Extraskeletal calcifications increased with age in children with HGPS and were composed of hydroxyapatite. The urinary calcium/creatinine ratio and TRP were elevated for age while FGF23 was decreased. Magnesium decreased and PTH increased after lonafarnib therapy which may alter the ability to mobilize calcium. These findings demonstrate that children with HGPS with normal renal function and an unremarkable Ca × Pi develop extraskeletal calcifications by an unidentified mechanism that may involve decreased plasma magnesium and FGF23. Calcium carbonate accelerated their development and is, therefore, not recommended for routine supplementation in these children.

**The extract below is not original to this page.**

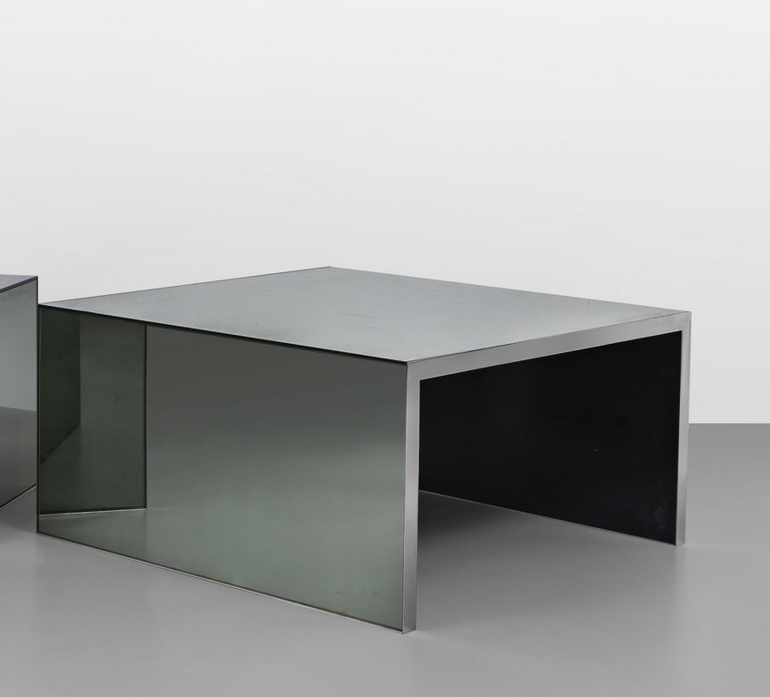 Chrome-plated glass and mirrored coloured crystal.
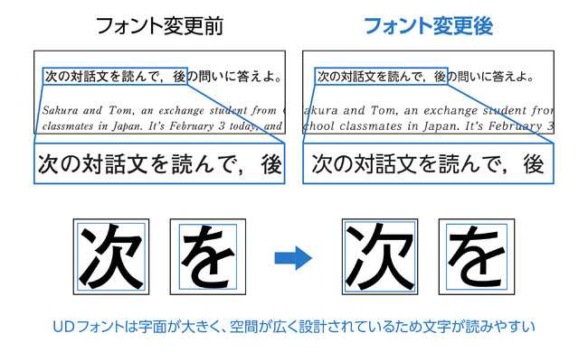 到達度テストの受検者は、学びの段階や障害の有無など取り巻く環境がさまざまです。そのため、より多くの受検者への配慮として、UDフォントが採用されることになりました。

儿童患有哈钦森-吉尔福德早衰综合征(HGPS),这是一种罕见的过早衰老疾病,通过放射分析和体格检查可检测到骨骼外钙化。本研究旨在描述 HGPS 中这些异常钙化的自然史和病理生理学,并确定临床试验中测试的药物和/或补充剂是否会改变其发展。
对连续两项临床试验中的儿童进行研究,分别给予 1) lonafarnib(n=26)和 2) lonafarnib+pravastatin+zoledronic acid(n=37)。在基线(治疗前)、治疗一年和治疗结束时(基线后 3.3-4.3 年)进行研究。在第二项试验的第一年期间给予钙补充剂(碳酸钙口服),随后停止。通过体格检查、射线照相和血清和尿液生化测量来获取钙化信息。通过 X 射线衍射确定两块皮肤衍生钙化的矿物质含量。
基线时,12/39(31%)名患者在放射影像学上检测到骨骼外钙化。出现钙化的几率随年龄增长而增加(p=0.045)。接受 lonafarnib、pravastatin 和 zoledronate 治疗不会影响几率。然而,钙补充剂的给药,与所有三种治疗药物联合使用,显著增加了发生钙化的几率(p=0.009),在补充剂停止使用后,几率趋于平稳。皮肤钙化的成分分析显示羟磷灰石类似于骨骼。尽管基线和治疗期间血清钙、磷和甲状旁腺激素(PTH)均在正常范围内,但 lonafarnib 开始后 PTH 显著升高(p<0.001)。在可评估的 39 名患者中的 22 名(56%)和 37 名中的 31 名(84%)基线时,尿钙/肌酐比值和磷重吸收率(TRP)均升高,而在治疗期间无明显变化。钙×磷乘积(Ca×Pi)在正常范围内,但两个临床试验期间血浆镁均降低。成纤维细胞生长因子 23(FGF23)与年龄匹配的对照组相比降低(p=0.03)。
HGPS 儿童的骨骼外钙化随年龄增长而增加,其组成部分为羟磷灰石。与年龄相比,尿钙/肌酐比值和 TRP 升高,而 FGF23 降低。 lonafarnib 治疗后镁减少,PTH 升高,这可能改变钙动员能力。这些发现表明,肾功能正常且 Ca×Pi 无异常的 HGPS 儿童会通过未知机制发生骨骼外钙化,这可能涉及血浆镁和 FGF23 减少。碳酸钙加速了它们的发展,因此不建议在这些儿童中常规补充。